The main circumstances when a Will won’t be valid are if either:-
• It was not executed properly (e.g. not signed and witnessed)
• The testator (the person making the Will) was mentally incapable; or
• It was made under undue pressure from another person
And, even a Will was valid when it was written, it will be automatically revoked if the testator gets married, destroys their Will or makes another Will. Getting divorced also cancels any benefits to a former spouse unless the wording clearly states that divorce should not affect the former spouse’s entitlement.
As a general rule a testator is entitled to leave their estate to whomever they wish, but if the Will fails to make “reasonable financial provision” for certain classes of people the Court has the power, under the Inheritance (Provision for Family and Dependants) Act 1975, to ensure that they are provided for.
Who can challenge a Will under the 1975 Act?
There are essentially six categories of people who can contest a will under the Act.
• A wife or husband of the deceased,
• A former wife or husband of the deceased who hasn’t remarried
• Children of the deceased
• Step-children of the deceased
• A partner who lived with the deceased for at least the last two years immediately prior to their death, and
• Any other person who immediately before death was being maintained, either wholly or partly, by the deceased.
When should an application be made?
Whilst there is no statutory limit for bringing a claim that challenges the validity of a Will, if you think you have grounds for complaint then it is important to move quickly, preferably before probate is granted (which is the point from which the estate can start to be distributed, unless a caveat is granted which stops the assets from being distributed), and in any event normally no later than six months after grant of probate.
The longer you take to lodge a challenge the weaker your case is likely to be, although if a caveat has been given, this lasts for six months, and often leads to disputes being resolved between the affected parties before the court stage is reached and before any assets have been distributed.
However, it is important to note that legal action can slow down any inheritance and can be costly for all sides.
If it does end up in court though, what will be taken into account?
Once it has been determined that the applicant is entitled to bring an application, the key issue will be to determine what is deemed to be ‘reasonable financial provision’ for that person based on the facts of the case, taking into account the size and nature of the estate and the relationship between the applicant and the deceased.
For example, if the applicant is a spouse of the deceased ‘reasonable financial provision’ means such financial provision as would be reasonable in all the circumstances of the case for a husband or wife to receive, whether or not that provision is required for their maintenance.

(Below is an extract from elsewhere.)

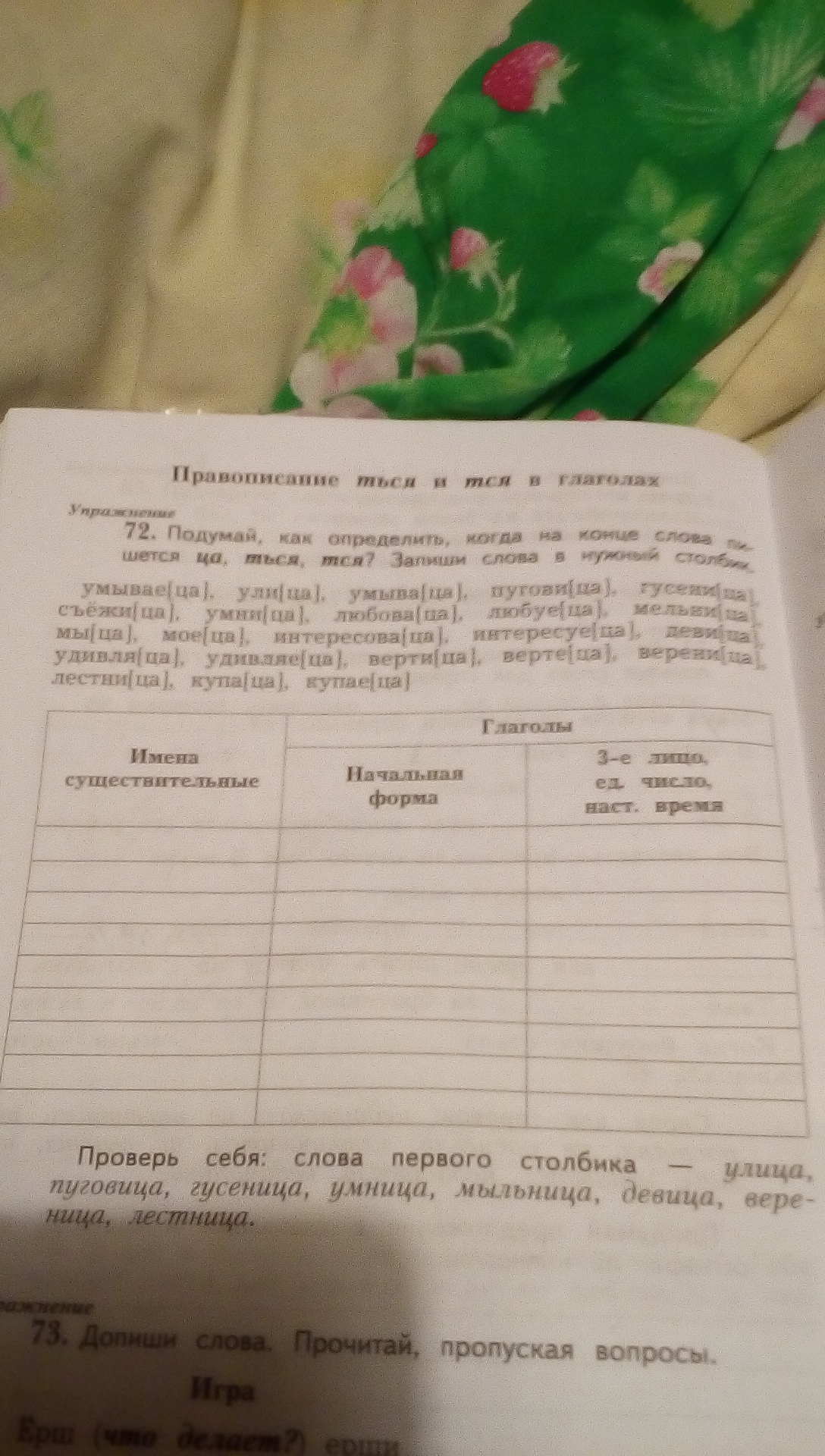 Умывается ,улица,умываться,пуговица,гусеница,съежиться,умница,любоваться,любуется,мельница,мыться,моется,интересоваться,интересуется,девица,удивляться,удивляется,вертится,вертеться,вереница,лестница, купаться,купается.

For any other applicant, (including a former spouse or someone else who was financially dependent on the deceased when they died), ‘reasonable financial provision’ means such financial provision as would be reasonable in all the circumstances of the case to receive for their maintenance.
In the case of a successful non-spouse claimant, therefore, and especially if the claimant is a financially dependant relative, it is more likely that the court would award maintenance payments, rather than a one-off lump sum.
It remains as important as ever to ensure you have a valid Will – and that you review it regularly to make sure it is up-to-date – because without one, the intestacy rules apply, which is likely to result in the estate not being distributed as you would have wanted, and in some cases people you would have liked to benefit may not be entitled to receive anything at-all.
It is also worth mentioning that, in certain circumstances, a suitably drafted will can also help minimize any Inheritance Tax that may otherwise be charged on your estate.
This doesn’t mean that your Will won’t be subject to challenge of course, but by ensuring it is properly executed and is updated as appropriate to reflect changing personal and family circumstances, the risk of this occurring should at least be minimized.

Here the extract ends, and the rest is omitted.